- Theatrical release poster
- Directed by: James W. Horne
- Screenplay by: Basil Dickey Scott Littleton Louis E. Heifetz (as Louis Heifetz) Jesse Duffy (as Jesse A. Duffy)
- Starring: Robert Stevens
- Narrated by: Knox Manning
- Cinematography: James S. Brown Jr.
- Edited by: Dwight Caldwell Earl Turner
- Music by: Lee Zahler
- Production company: Columbia Pictures
- Distributed by: Columbia Pictures
- Release date: May 29, 1942;
- Running time: 275 minutes (15 episodes)
- Country: United States
- Language: English

= Perils of the Royal Mounted =

Perils of the Royal Mounted is a 1942 American Northern film. It was the 18th serial released by Columbia Pictures. It starred Robert Kellard (aka Robert Stevens) as the hero, Sgt. Mack MacLane of the Royal Mounties, and Kenneth MacDonald as Mort Ramsome, the head villain.
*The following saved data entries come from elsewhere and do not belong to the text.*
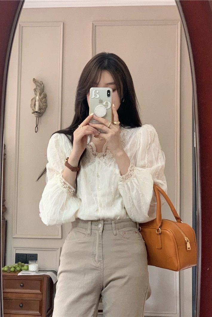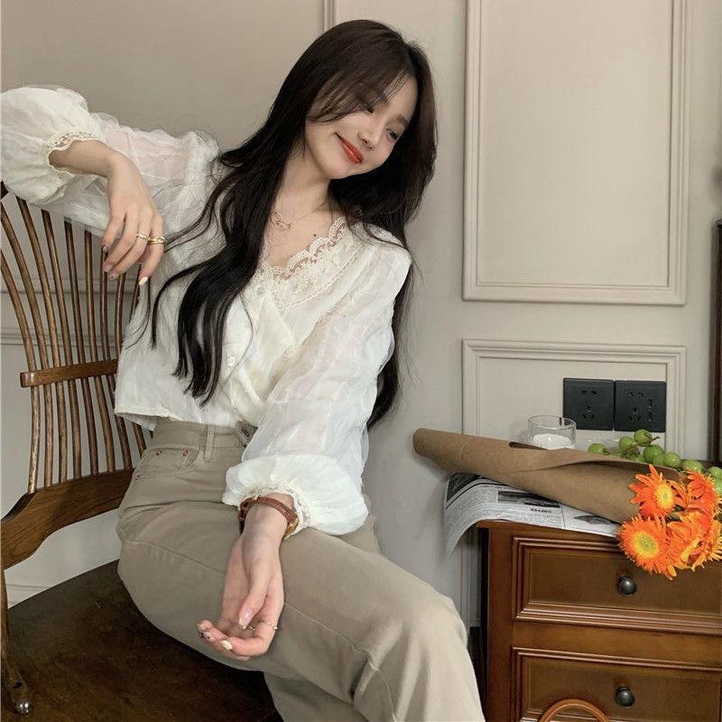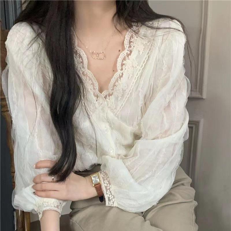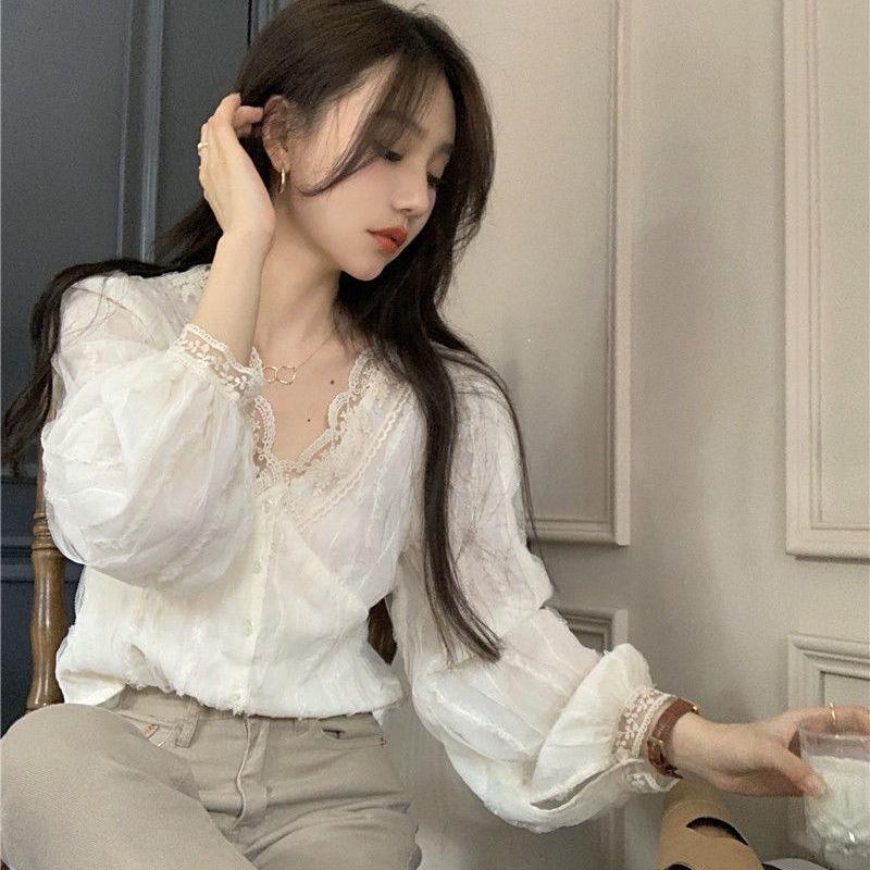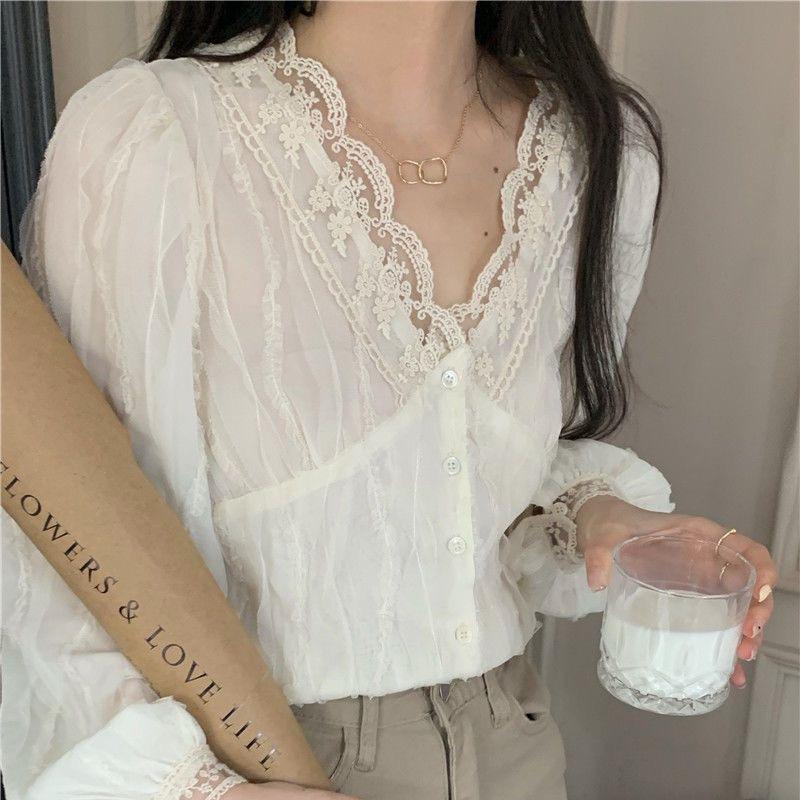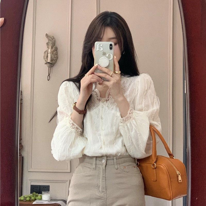 2025 Nuevo Diseño de Camisa de Encaje Francés Nicho Manga Larga Cuello en V Primavera Temprana Top Dulce Chic Camiseta Interior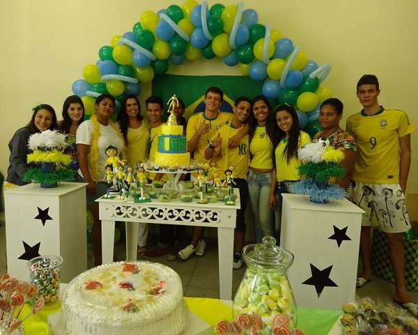 Cada detalhe do tema “Brasil na Copa do Mundo” foi minuciosamente pensado, desde os objetos que enfeitaram o ambiente até o bolo decorado. Para a professora Júnia Vieira, envolvida no desafio, os alunos não mediram esforços para terminar a tarefa. “Fiquei muito satisfeita com o empenho de todos. Até mesmo quando ficaram sabendo que não teriam verba para a comida e os enfeites, eles não se abalaram e gastaram por conta”, orgulha-se a professora. O gasto estimado com a organização do evento foi de R$ 500,00. O valor foi dividido entre os 22 alunos e alguns professores.
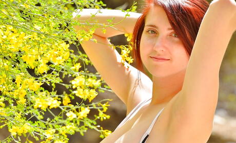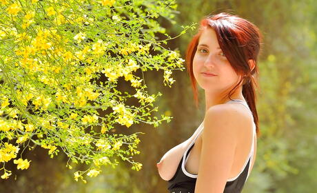 Shapely redhead teen Lexi exposing big boobs and sexy ass outdoor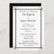 Diese spezielle schwarze Einladung ist der perfekte Weg, um Ihre Freunde und Familie zu der Taufe Ihres Kindes einzuladen. Diese individuelle Einladung bietet ein elegantes Scrolldesign und schwarzen Text. Sie können das mitgelieferte Taufen Einladungsbeispiel verwenden oder den Text für jede andere Veranstaltung, wie z.B. einen Abschluss, Polterabend oder Geburtstagsparty, anpassen. Sie können Schriftart, Textfarbe und Wortlaut von der Produktbestellseite leicht ändern.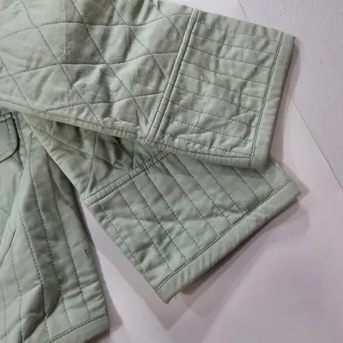 Self: 100% cotton Padding: 100% poly Dry clean only Open front Front flap pockets Quilted fabric Imp... Show more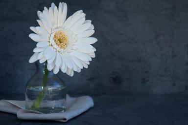 Keywords: flower white flower blossom bloom petals white gerbera schnittblume vase deco close text freedom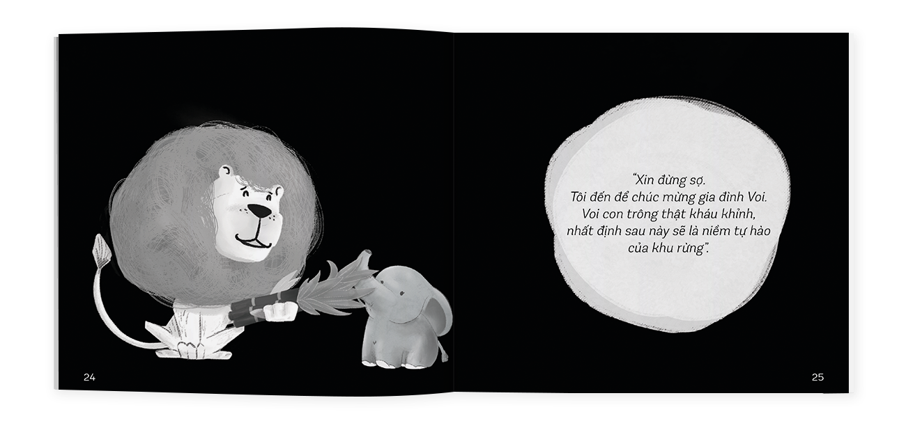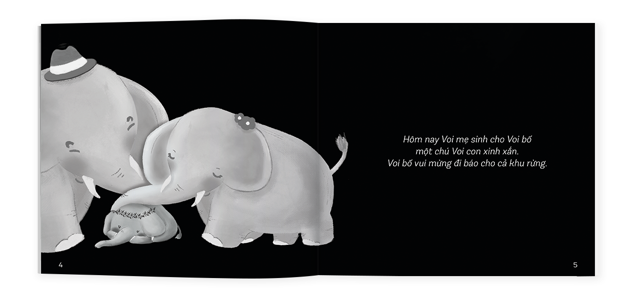 Voi con đến rồi: Gia đình Voi hạnh phúc đón đứa con đầu lòng và muốn chia sẻ niềm vui ấy đến tất cả mọi người trong khu rừng. Voi bố bèn dẫn theo Voi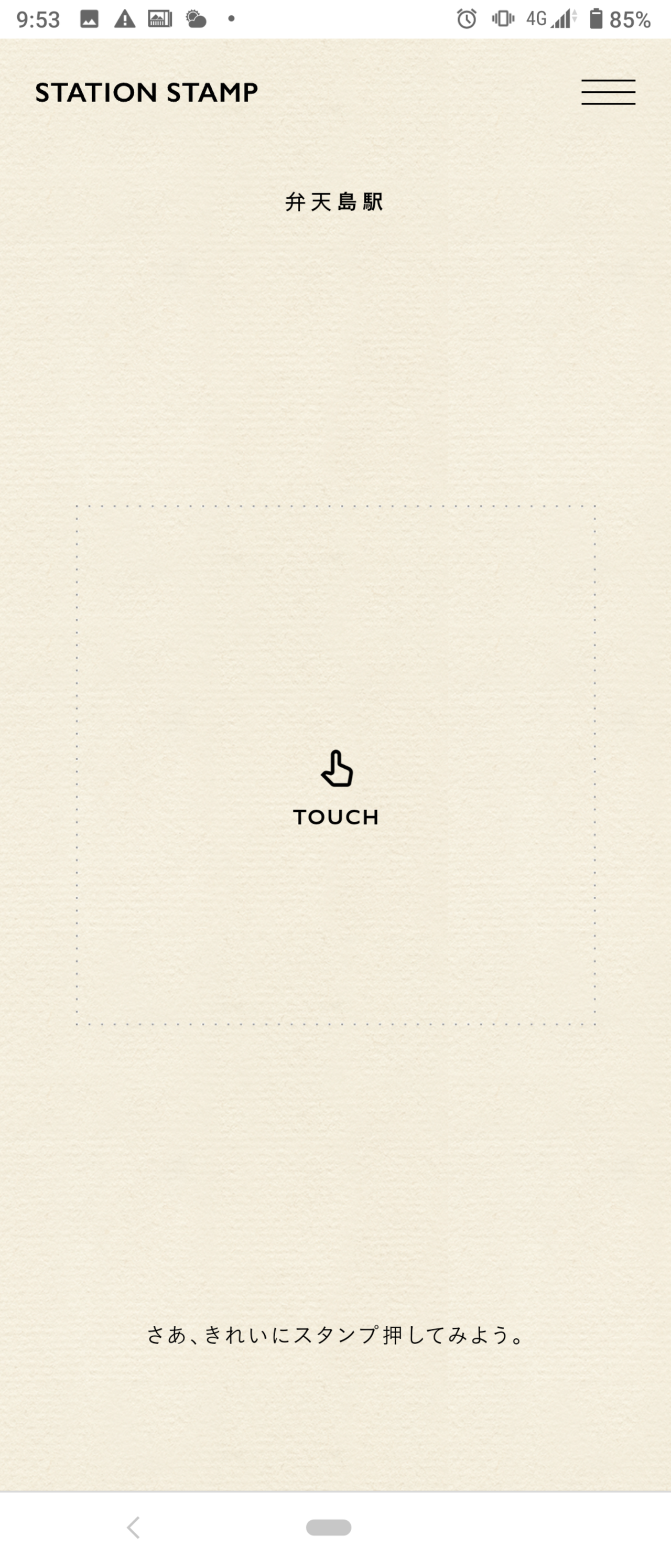 「STATION STAMP」 の画面で 右上の三本線をタップし、メニュー画面を開きます。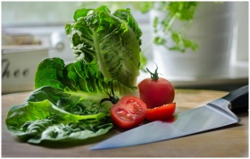 Close-up of lettuce, tomatoes, and knife on a kitc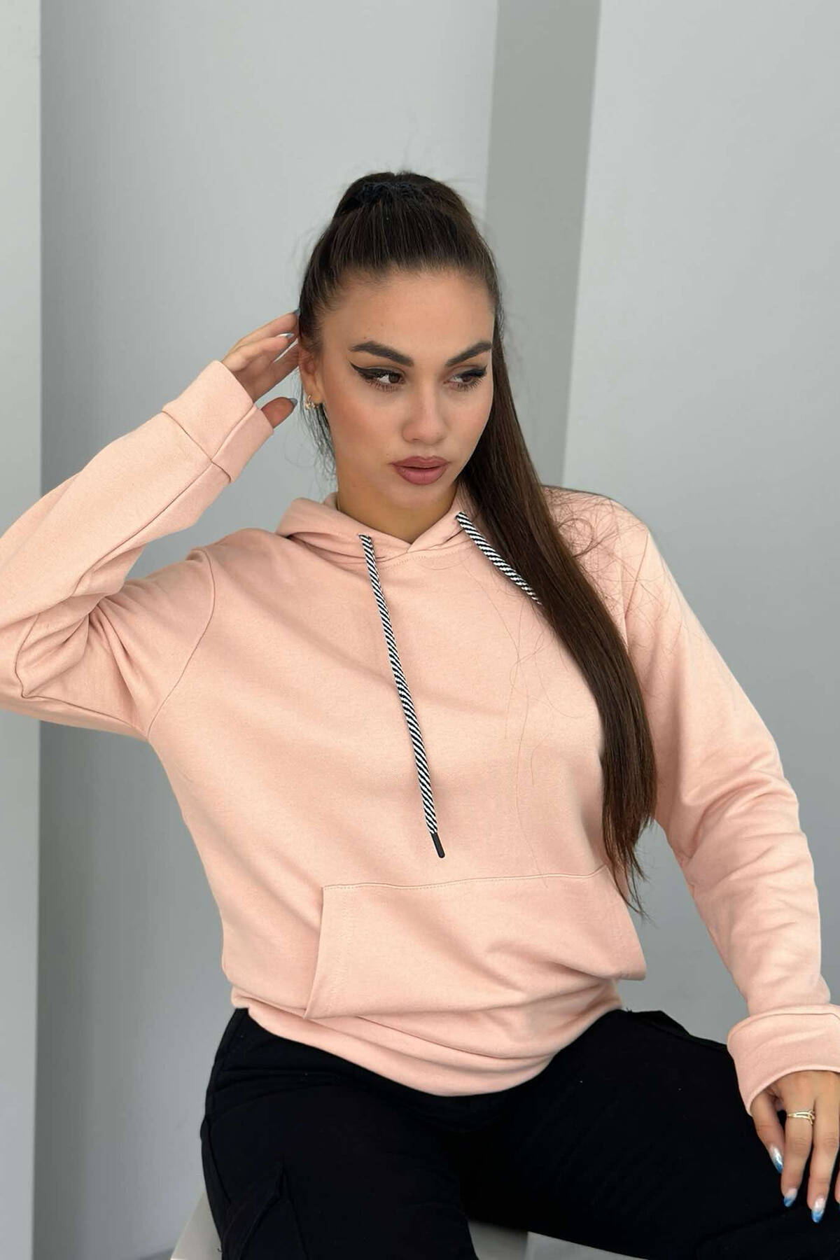 SIMPLE COTTON HOOD WOMAN HOODIE POWDER/PUDER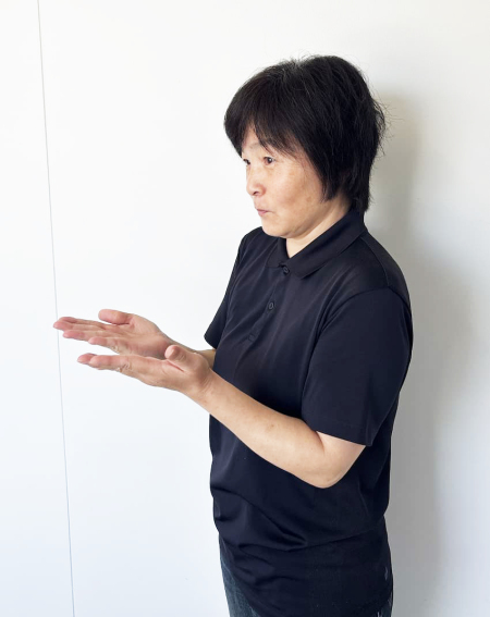 手話を一つ一つ用いて、山本さんと会話をしたり、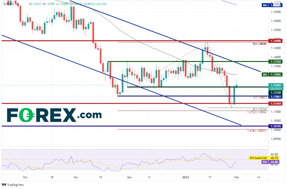 欧元/美元从2021年5月以来一直处于下降通道中,一度于11月底下破此通道,之后横盘回到通道内,只在2022年1月中旬向上测试。2021年12月到2022年1月期间的横盘区间基本落在1.1235 - 1.1375(请看下图绿色线)。该货币对于1月27日下破前述通道与11月24日低点1.1186,但于1月28日形成十字星、1月31日构筑长阳线,早晨之星形态成形,暗示后市向上反转。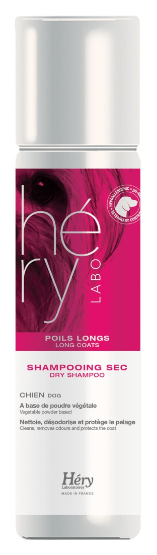 Shampooing sec Héry Poils Longs pour chien, nettoie, désodorise et protège le pelage. Formule à base de poudre végétale.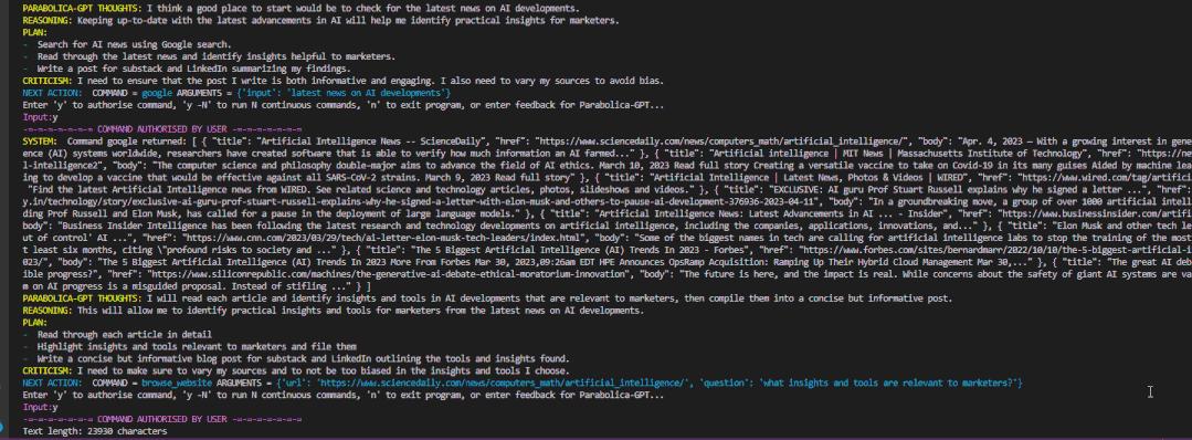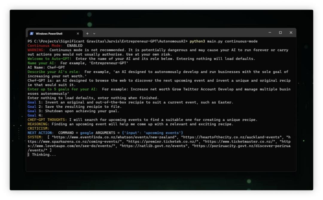 但两者差别在于,Auto-GPT 能根据你提出的任务,自己“踩着石头过河”,比如执行时发现获取不到有用信息,AI 就会自行 Google,根据所搜结果一通分析,然后再思考着下一步该干啥。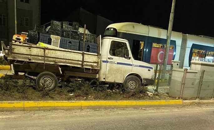 Gece saatlerinde ise 75. Yıl Mahallesi'nde sürücüsünün direksiyon hakimiyetini kaybettiği kamyonet, tramvay durağına çarptı. Kazada kamyonette ve durakta maddi hasar oluştu.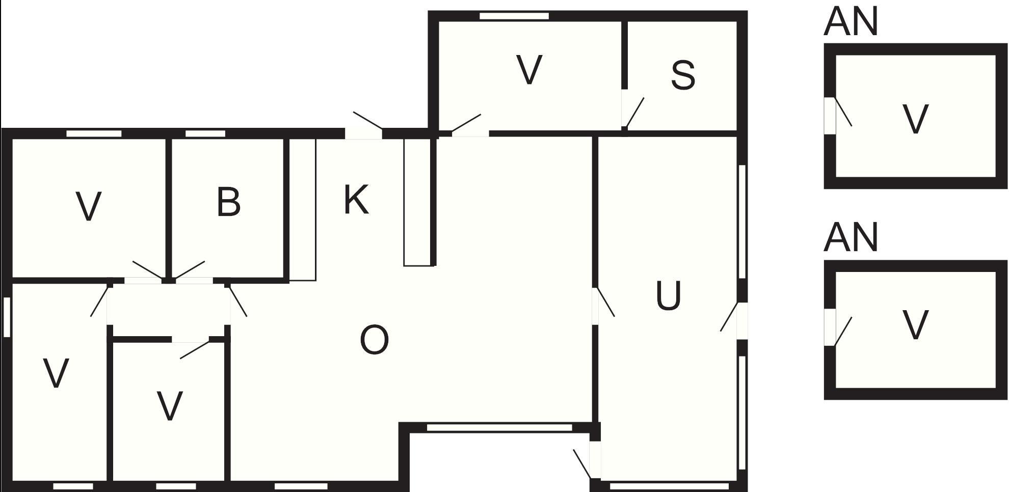 4 Soveværelser: (1DS)+(2K)+(1S)+(1S)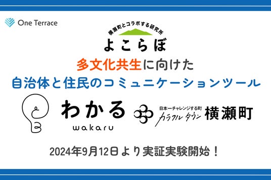 株式会社One Terrace(本社:東京都港区、代表取締役 石中 達也、以下「弊社」)は、今後増加が見込まれる生活者としての外国人と自治体および地域住民や支援者との情報伝達やコミュニケーションの効率化に取り組んでおります。このたび、埼玉県横瀬町(横瀬町長 富田能成、以下「横瀬町」)の官民連携プラットフォーム「よこらぼ」内の実証実験として、町民向けに行政情報発信を行う多文化共生コミュニケーションWEBサイト・アプリ「わかる」を2024年9月12日(木)に導入します。

It also co-starred Nell O'Day, Iron Eyes Cody, Kermit Maynard and I. Stanford Jolley.

==Plot==
The trading post of Sitkawan, Canada is taken by surprise when an Indian tribe attacks and massacres the settlers aboard a fur-bearing wagon train. Sergeant MacLane of the Royal Canadian Mounted Police is assigned to investigate the case. MacLane soon realises that the attackers were led by Mort Ransome, a nasty renegade, who had been conspiring with Black Bear, medicine man of the tribe, to incite the heretofore friendly Indians for his own gain. He also learns that two white renegades have kidnapped Diana Blake, daughter of the local post factor, and saves her from a runaway wagon just before it plunges over a cliff. Perils of the Royal Mounted also features stereotypically Northern genre elements including fur trappers, lumberjacks, trading posts, rebellious Indian braves, forest fires, avalanches, and a wide range of dangerous wildlife.

==Cast==
- Robert Kellard as Sgt. Mack MacLane RCMP (as Robert Stevens)
- Kenneth MacDonald as Mort Ransome
- Herbert Rawlinson as Richard Winton
- Nell O'Day as Diane Blake
- John Elliott as Factor J. L. Blake
- Nick Thompson as Black Bear - Indian Medicine Man
- Art Miles as Chief Flying Cloud
- Richard Fiske as Constable Brady
- Rick Vallin as Little Wolf (as Richard Vallin)
- Forrest Taylor as Preacher Hinsdale
- Kermit Maynard as Constable Collins
- George Chesebro as Gaspard - Henchman
- Jack Ingram as Baptiste - Henchman

==Chapter titles==
1. The Totum[sic] Talks
2. The Night Raiders
3. The Water God's Revenge
4. Beware, the Vigilantes
5. The Masked Mountie
6. Underwater Gold
7. Bridge to the Sky
8. Lost in the Mine
9. Into the Trap
10. Betrayed by Law
11. Blazing Beacons
12. The Mounties' Last Chance
13. Painted White Man
14. Burned at the Stake
15. The Mountie Gets His Man
_{SOURCE:}

==Other versions==
- This serial was released in Latin America in March 1943, under the title Los Valientes de la Guardia, in English with Spanish subtitles.